**WORK INSTRUCTIONS:** Pictures stay out. Everything else in the listing below gets written out exactly.
THE DATA Start Marker
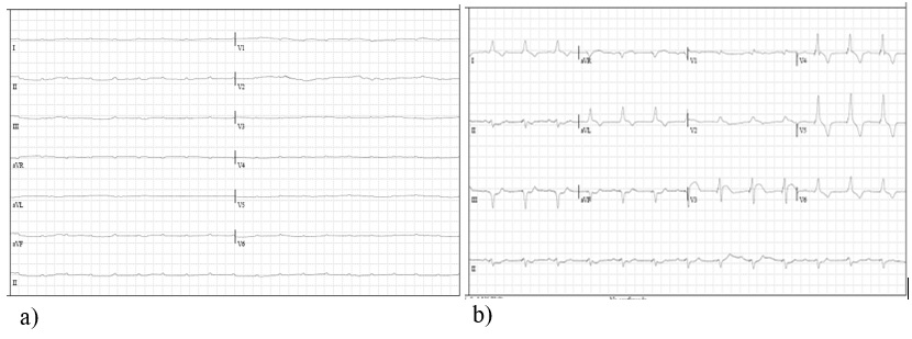 Figura 1. a) Electrocardiograma tomado al ingreso al servicio de urgencias. Presenta un bloqueo auriculoventricular de tercer grado, con un bajo voltaje evidente del complejo QRS. b) Electrocardiograma con marcapasos en modo VVI con electrodo en el ápice del ventrículo derecho con captura normofuncionante
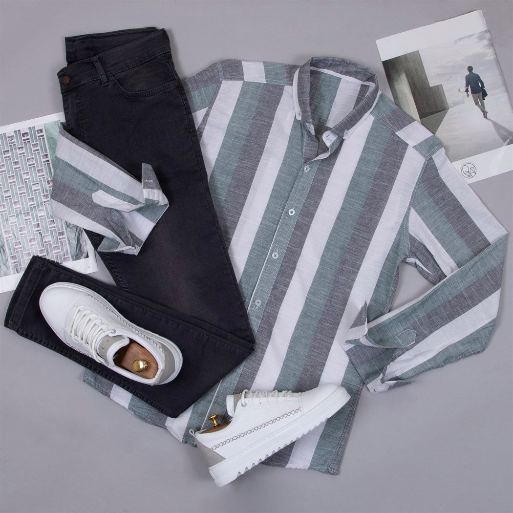Yeşil Gri Gömlek Pantolon Ayakkabı Kombin
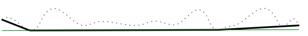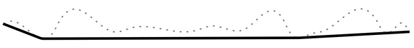 Illustration of a void-filtered surface. The dotted gray line is the real surface feature. The solid black line is the void filtered surface. The space between the real feature surface and the void filtered surface are the voids.
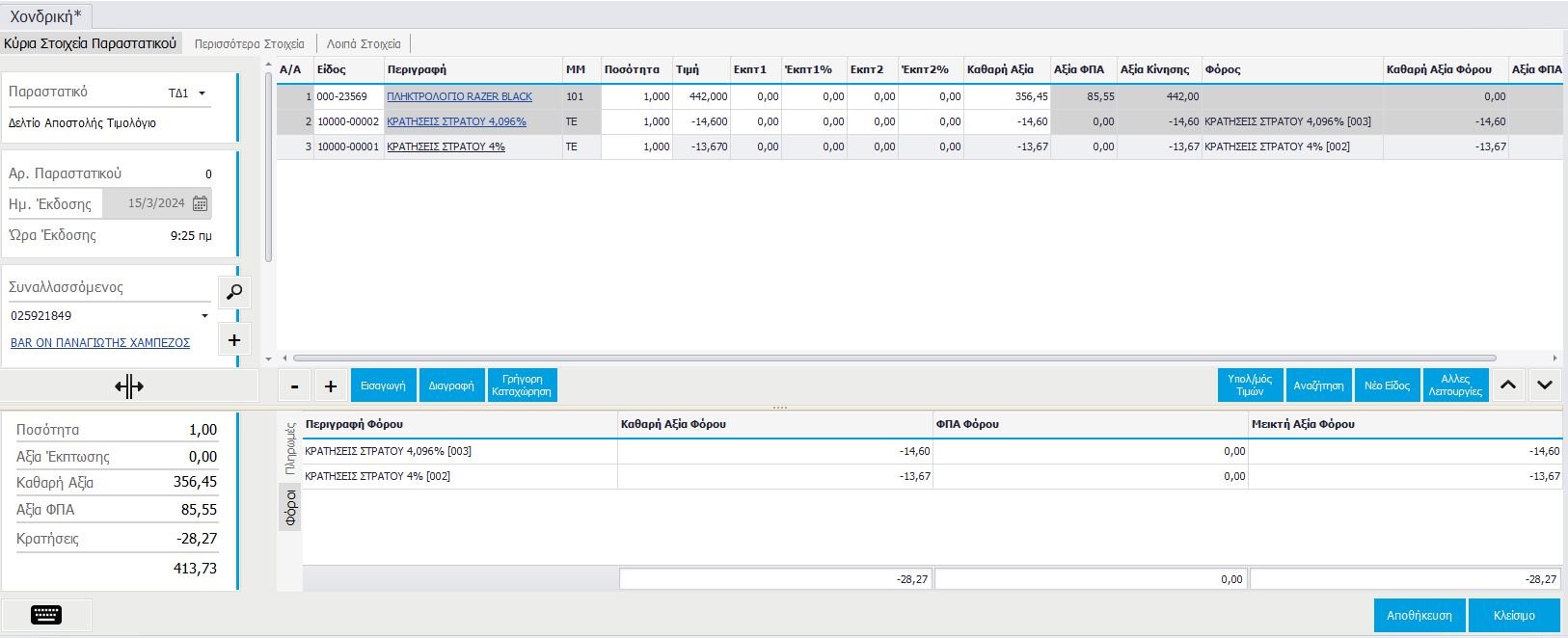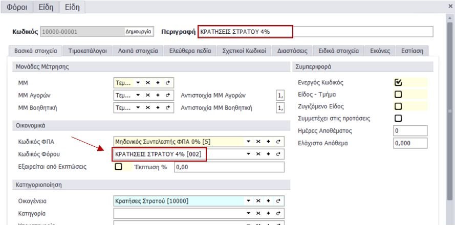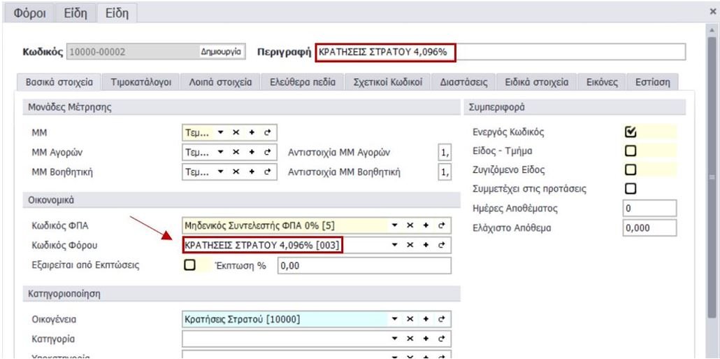 Στη συνέχεια δημιουργείτε δύο είδη και τα συνδέετε με τις παρακρατήσεις. Τα είδη πρέπει να έχουν πάντα ΦΠΑ 0%.
THE DATA End Marker
**SOLUTION TO THIS EXERCISE:**
 Figura 1. a) Electrocardiograma tomado al ingreso al servicio de urgencias. Presenta un bloqueo auriculoventricular de tercer grado, con un bajo voltaje evidente del complejo QRS. b) Electrocardiograma con marcapasos en modo VVI con electrodo en el ápice del ventrículo derecho con captura normofuncionante
Yeşil Gri Gömlek Pantolon Ayakkabı Kombin
 Illustration of a void-filtered surface. The dotted gray line is the real surface feature. The solid black line is the void filtered surface. The space between the real feature surface and the void filtered surface are the voids.
 Στη συνέχεια δημιουργείτε δύο είδη και τα συνδέετε με τις παρακρατήσεις. Τα είδη πρέπει να έχουν πάντα ΦΠΑ 0%.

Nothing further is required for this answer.